今年の2月に「わたしたちのヒカリproject」によるこの作品を見ている。コロナ禍の人々の営みを描く小さな作品だ。これを再び大阪新撰組が取り上げて、ウイングフィールドで上演する。わざわざ劇場名を入れたのは、他でもない。この作品は本来、ここで昨年初演されるはずだったからだ。今回スタッフとして協力している武藤豊博さんが彼の演出であおぞら芸能社としてプロデュースして夏に上演されるはずの作品だった。だが、コロナのせいで上演は中止されたという曰く付きの台本なのだ。(もちろん中止は伊地知さんによる台本のせいではない)

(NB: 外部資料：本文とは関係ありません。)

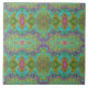 Wavy Aqua Blue and Orange Trippy Pattern Ceramic Tile

2時間5分という上演時間に驚く。2月に見た時は90分の作品だったからだ。同じ台本からこれだけの差は出ない。もちろんエピソードが追加して改稿はある。だがそれだけではない。間の取り方の違いも大きい。余白が長いのだ。普通なら間延びしてしまうくらいに、だ。だが演出(栖参蔵)はそうはさせない。必要以上の空白が作品のスタイルになりこの空間の醸し出す空気にすらなる。それは結果的にホテルでの2週間の待機期間という無意味な空白の辛さと不安を表現することになる。間延びするのではなく、そこから緊張の持続を描くという大胆なスタイルを打ち立てる。
海外からの帰国者、渡航者を隔離するためのホテル。そこに収容されて他人との接触を禁止されて不安な14日間を過ごす人たち。3組のたまたま隣り合わせになった人たちの隔離部屋のベランダでの会話が描かれる。

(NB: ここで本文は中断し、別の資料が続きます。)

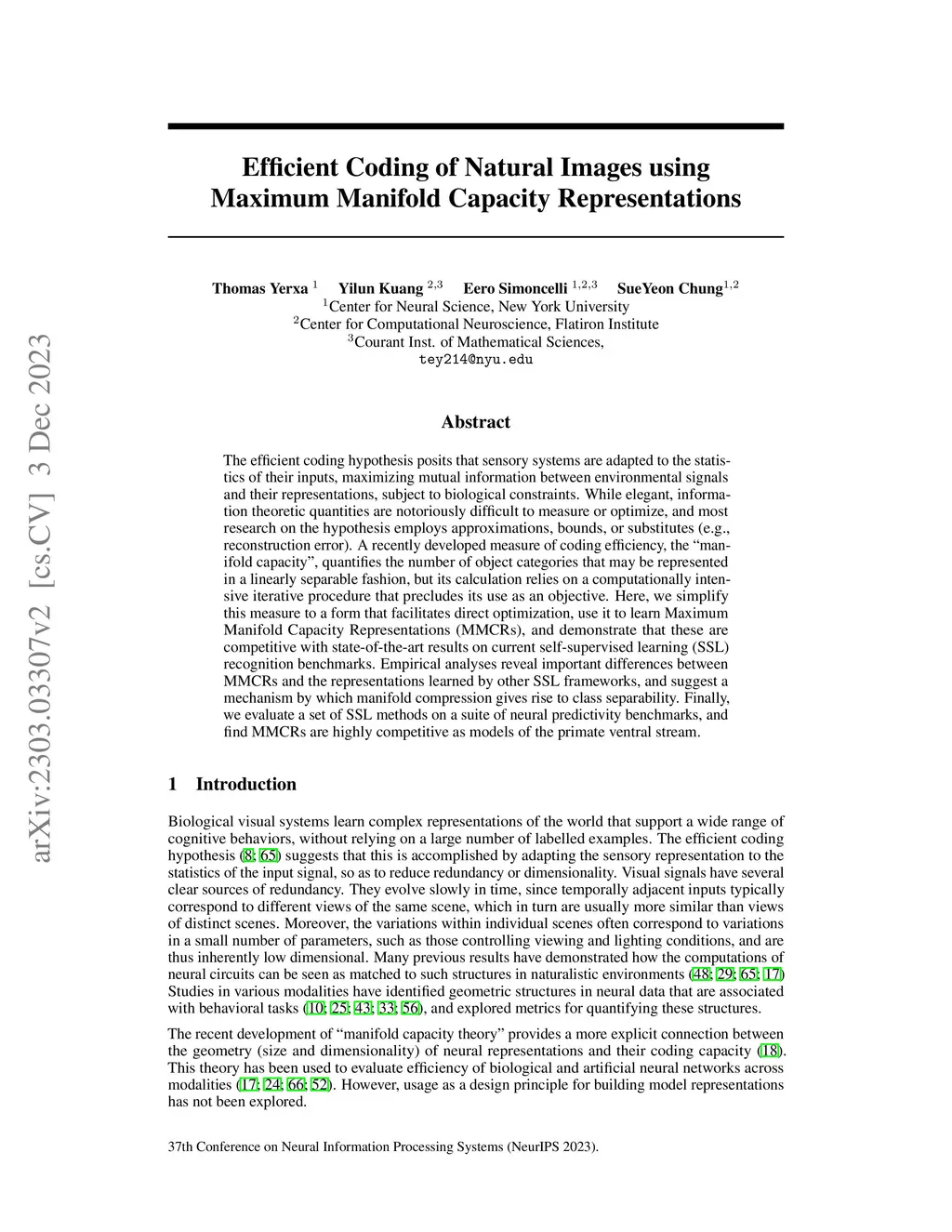 The efficient coding hypothesis proposes that the response properties of sensory systems are adapted to the statistics of their inputs such that they capture maximal information about the environment, subject to biological constraints. While elegant, information theoretic properties are notoriously difficult to measure in practical settings or to employ as objective functions in optimization. This difficulty has necessitated that computational models designed to test the hypothesis employ several different information metrics ranging from approximations and lower bounds to proxy measures like reconstruction error. Recent theoretical advances have characterized a novel and ecologically relevant efficiency metric, the manifold capacity, which is the number of object categories that may be represented in a linearly separable fashion. However, calculating manifold capacity is a computationally intensive iterative procedure that until now has precluded its use as an objective. Here we outline the simplifying assumptions that allow manifold capacity to be optimized directly, yielding Maximum Manifold Capacity Representations (MMCR). The resulting method is closely related to and inspired by advances in the field of self supervised learning (SSL), and we demonstrate that MMCRs are competitive with state of the art results on standard SSL benchmarks. Empirical analyses reveal differences between MMCRs and representations learned by other SSL frameworks, and suggest a mechanism by which manifold compression gives rise to class separability. Finally we evaluate a set of SSL methods on a suite of neural predictivity benchmarks, and find MMCRs are higly competitive as models of the ventral stream.

舞台美術も大胆だ。隣り合わせのふたつの部屋。もちろん全く同じ間取り。無機質でそっけない空間。唯一外に向けて開かれた欄干にもたれ、外の景色を見る。そこには真っ暗な闇が広がる。本来ならアクティングエリアとなる舞台の半分くらいを使い外の闇にした。昼間ならここからは山が見える。だがそんな景色も毎日見るなら同じ退屈なものにしかならないことだろう。それが彼らにとって唯一の下界。自分が未知のウィルスに罹っているかもしれないという不安を抱えて過ごす時間。隣の部屋の人とのささやかなふれあいの時間が描かれていく。
描かれるのは2020年の夏。コロナ元年の光景だ。まだあれから3年。劇場では舞台上の人たちも観客もみんなマスクをしているという異様な光景が日常化する。それは今もまだ僕たちは「コロナ禍」にあるという現実を想起させる。